### INSTRUCTIONS TO FOLLOW:
Print the lines in the listing below that fall between the line with "Le document présente" and the line with "特朗普直接监督舞厅的设计与施", those two lines included, exactly as they stand and with nothing else.

### DATA PROVIDED:
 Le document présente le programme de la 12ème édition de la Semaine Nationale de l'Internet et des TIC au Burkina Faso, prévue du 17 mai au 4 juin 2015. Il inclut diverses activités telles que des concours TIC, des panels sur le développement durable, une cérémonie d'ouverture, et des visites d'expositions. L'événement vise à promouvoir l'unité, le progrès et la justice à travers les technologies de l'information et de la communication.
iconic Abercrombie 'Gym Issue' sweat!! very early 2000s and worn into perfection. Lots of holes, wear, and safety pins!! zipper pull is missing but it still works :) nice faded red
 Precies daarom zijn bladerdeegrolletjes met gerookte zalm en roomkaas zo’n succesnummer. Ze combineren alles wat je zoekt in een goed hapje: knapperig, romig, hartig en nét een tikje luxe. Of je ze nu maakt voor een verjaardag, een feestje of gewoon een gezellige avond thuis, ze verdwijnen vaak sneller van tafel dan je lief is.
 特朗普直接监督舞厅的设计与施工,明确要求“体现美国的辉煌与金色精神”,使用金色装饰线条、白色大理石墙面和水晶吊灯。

---

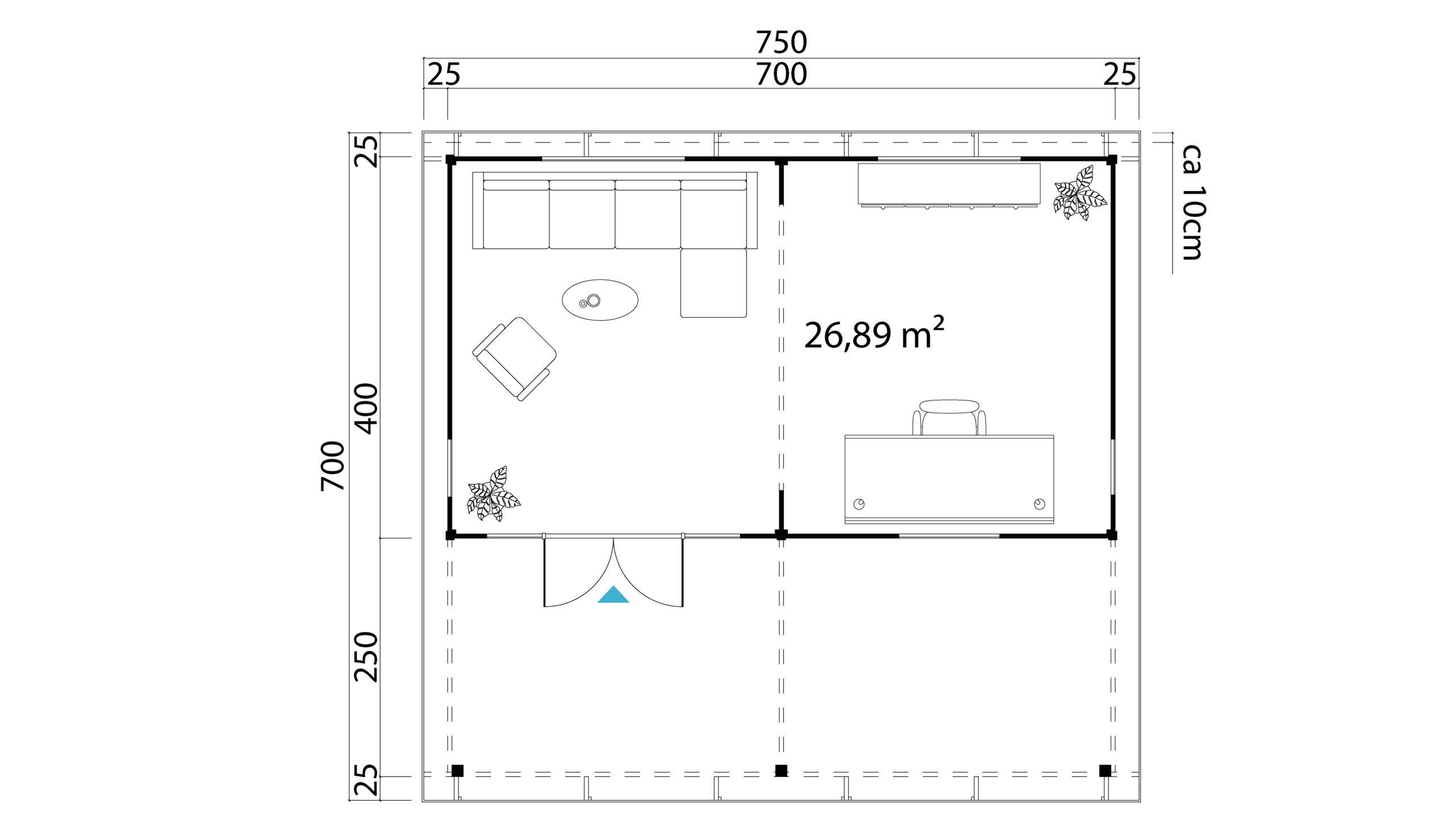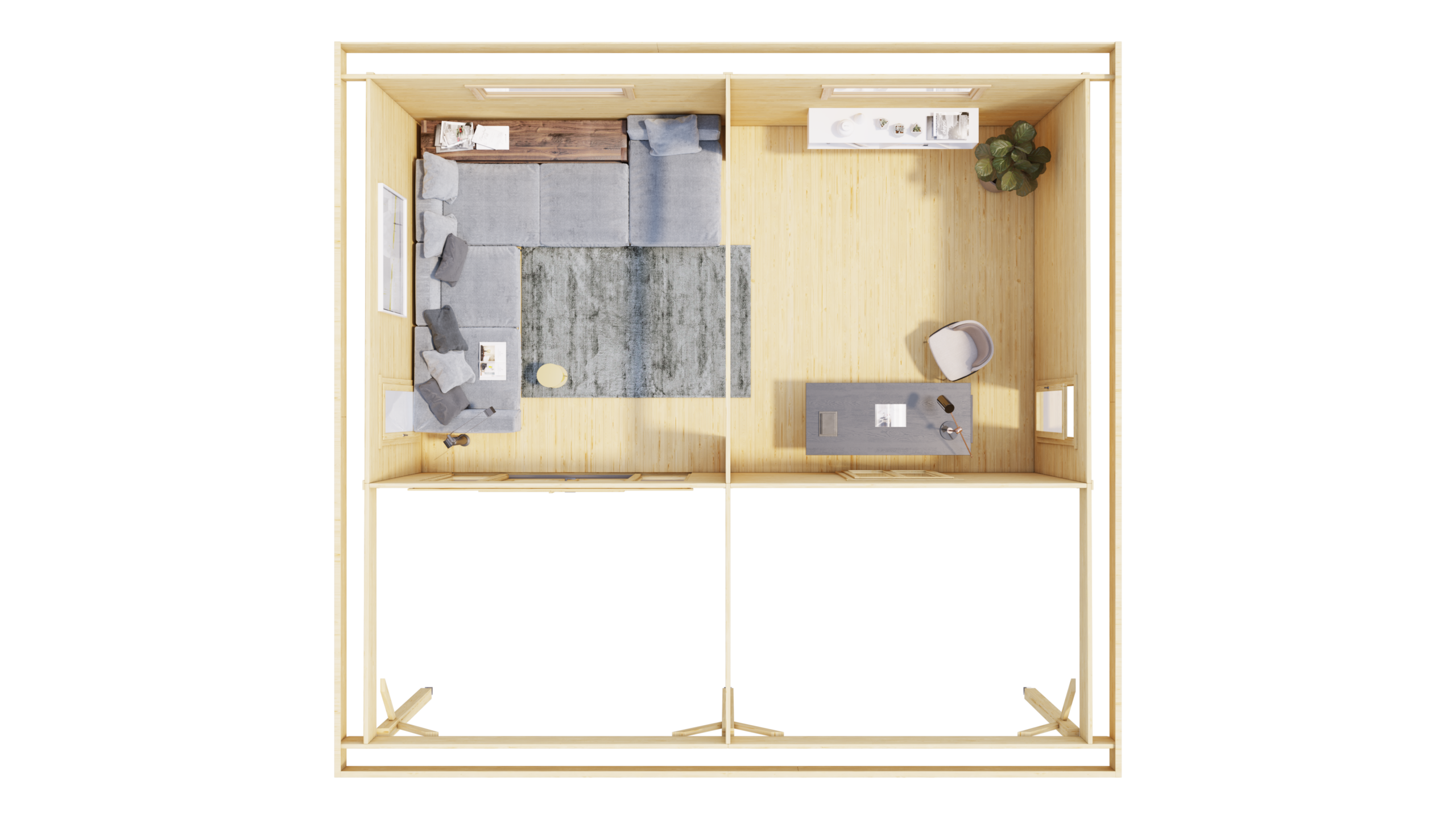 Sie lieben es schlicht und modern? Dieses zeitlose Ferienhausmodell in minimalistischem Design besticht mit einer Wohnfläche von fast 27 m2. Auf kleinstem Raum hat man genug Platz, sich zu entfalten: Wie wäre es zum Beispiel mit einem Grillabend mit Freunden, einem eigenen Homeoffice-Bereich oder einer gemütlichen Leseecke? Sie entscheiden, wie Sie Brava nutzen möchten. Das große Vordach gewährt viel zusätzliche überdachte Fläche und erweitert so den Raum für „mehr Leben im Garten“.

### RESULT OF THIS TASK:
 Le document présente le programme de la 12ème édition de la Semaine Nationale de l'Internet et des TIC au Burkina Faso, prévue du 17 mai au 4 juin 2015. Il inclut diverses activités telles que des concours TIC, des panels sur le développement durable, une cérémonie d'ouverture, et des visites d'expositions. L'événement vise à promouvoir l'unité, le progrès et la justice à travers les technologies de l'information et de la communication.
iconic Abercrombie 'Gym Issue' sweat!! very early 2000s and worn into perfection. Lots of holes, wear, and safety pins!! zipper pull is missing but it still works :) nice faded red
 Precies daarom zijn bladerdeegrolletjes met gerookte zalm en roomkaas zo’n succesnummer. Ze combineren alles wat je zoekt in een goed hapje: knapperig, romig, hartig en nét een tikje luxe. Of je ze nu maakt voor een verjaardag, een feestje of gewoon een gezellige avond thuis, ze verdwijnen vaak sneller van tafel dan je lief is.
 特朗普直接监督舞厅的设计与施工,明确要求“体现美国的辉煌与金色精神”,使用金色装饰线条、白色大理石墙面和水晶吊灯。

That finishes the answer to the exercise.